Even as flows into environmental, social and governance ETFs are slowing, Emerge is introducing its first set of active sustainable ETFs with a twist — each fund will be overseen by women.
On Sept. 8, the investment management firm will launch five different ESG exchange-traded funds, with versions listed on both the Cboe BZX Exchange in the US and the NEO Exchange in Canada. The funds will invest in equity securities that exclude certain categories, according to prospectus documents, such as gambling, adult entertainment and chemical weapons.
When asked why Emerge was introducing these 10 funds while equity markets are limping and so-called anti-ESG funds are gaining traction, the firm's CEO and founder Lisa Langley countered with, "Why not now?"
"We are taking a practical and real-world approach to sustainability," Langley said in a phone interview.
"ESG and sustainability work requires expertise and dedicated resources," she added. "I think all the attention given to this area recently, albeit some negative, is because it does require those resources and it is expensive." Emerge's new funds will each have an expense ratio of 0.85%.
Toronto-based Emerge is Canada's first and only women-owned investment fund firm, with assets under management of C$120 million ($91 million U.S.) at Emerge Canada and $800 million at Emerge Capital, its U.S. arm.

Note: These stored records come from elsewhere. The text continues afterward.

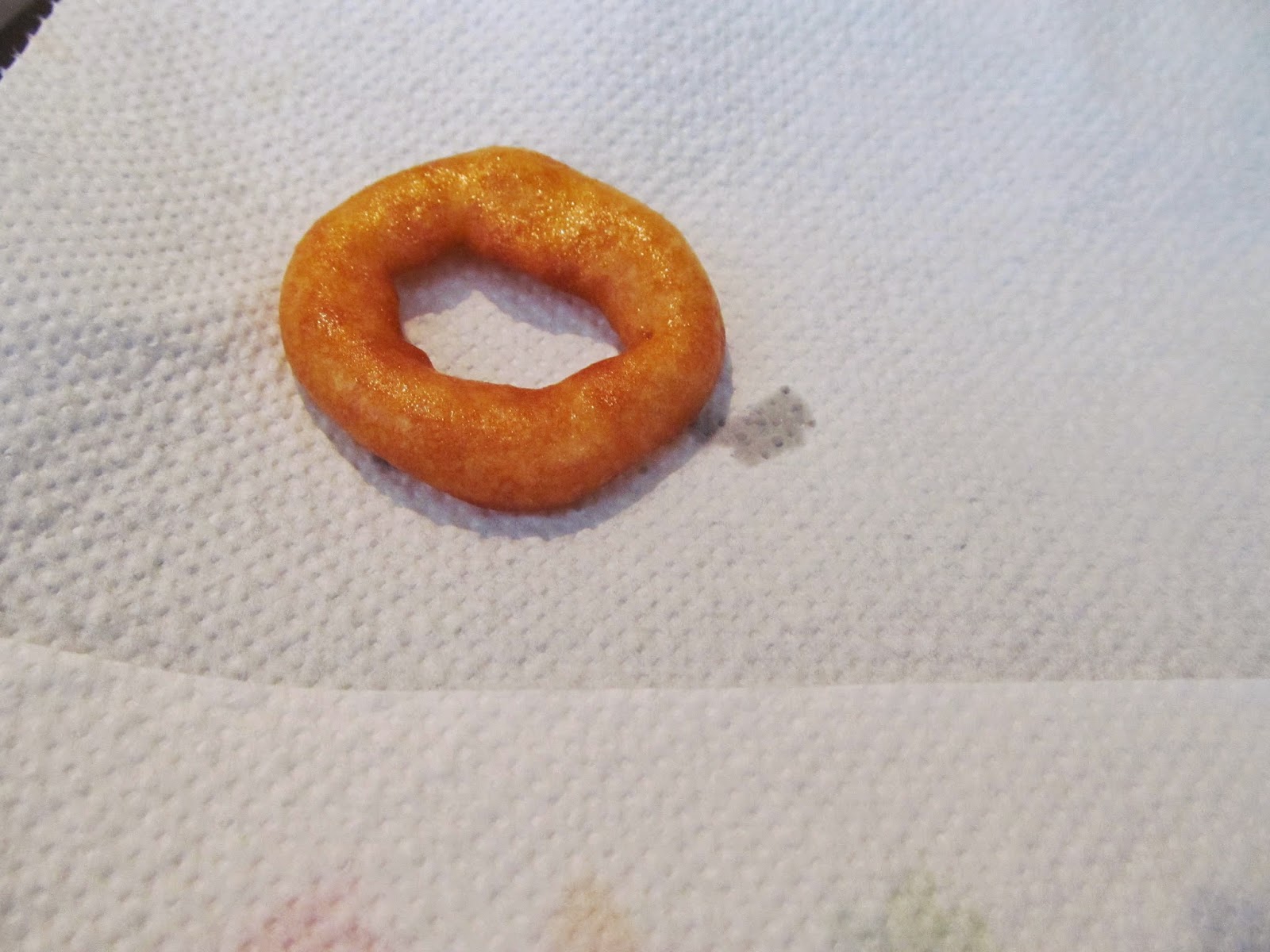 - Готовите лучени кръгчета изваждам върху домакинска хартия, за да се отцедят от излишната мазнина.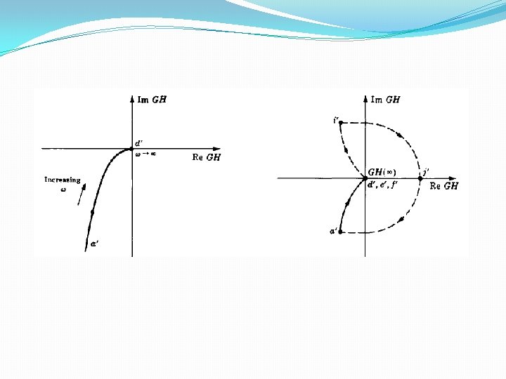 Sketch the Polar plot of Frequency Response To sketch the polar plot of G(jω) for the entire range of frequency ω, i. e. , from 0 to infinity, there are four key points that usually need to be known: 1) The start of plot where ω = 0, 2) The end of plot where ω = ∞, 3) Where the plot crosses the real axis, i. e. , Im(G(jω)) = 0, and 4) Where the plot crosses the imaginary axis, i. e. , Re(G(jω)) = 0.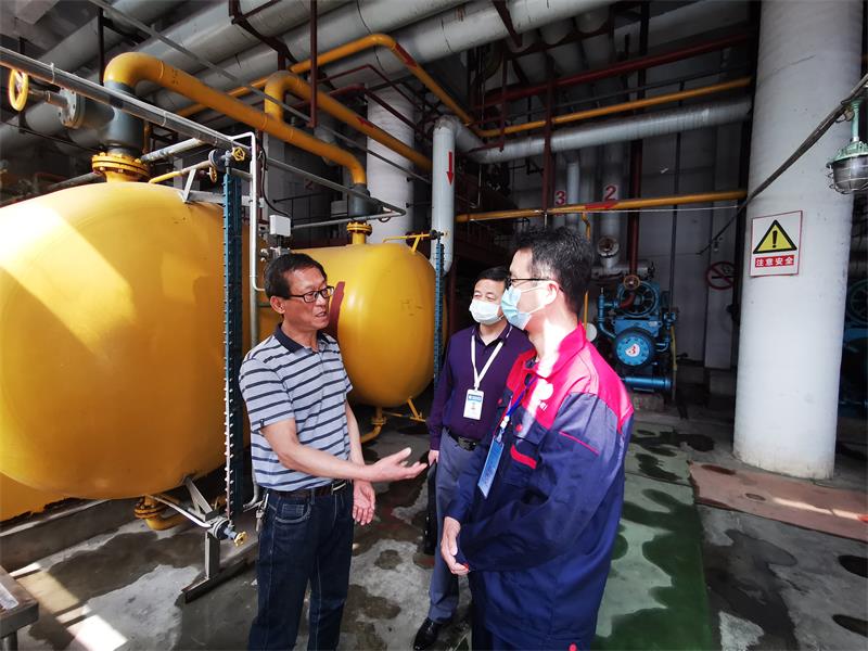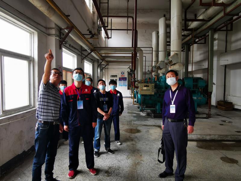 蚌埠市宏业集团冷藏速冻食品厂分管生产的王继山副厂长热情接待我校一行人员。首先,王继山副厂长为大家介绍了蚌埠宏业集团的发展改制历程,现经营现状及发展愿景。随后引导大家实地传给你厂区冷库,在冷库控制室详细介绍了氨制冷系统的组成、工作原理、运行与维护及生产安全保障。参观中,第46届世界技能大赛制冷与空调项目安徽省集训队技术指导专家组组长贾长林与王继山副厂长进行深入交流、研讨,贾长林组长认为竞赛实训设备及普通家用制冷系统与大型商用冷库的制冷系统有联系、有区别,基本原理一致,设备维护和安全保障措施值得在日常训练中借鉴,并要进一步加强培训。

Its five funds, built with Emerge's proprietary ESG framework, will be listed in both the U.S. and Canada. They are the Emerge EMPWR Sustainable Dividend Equity ETF (US ticker EMCA), Emerge EMPWR Sustainable Select Growth Equity ETF (EMGC), Emerge EMPWR Sustainable Global Core Equity ETF (EMZA), Emerge EMPWR Sustainable Emerging Markets Equity ETF (EMCH) and Emerge EMPWR Unified Sustainable Equity ETF (EMPW).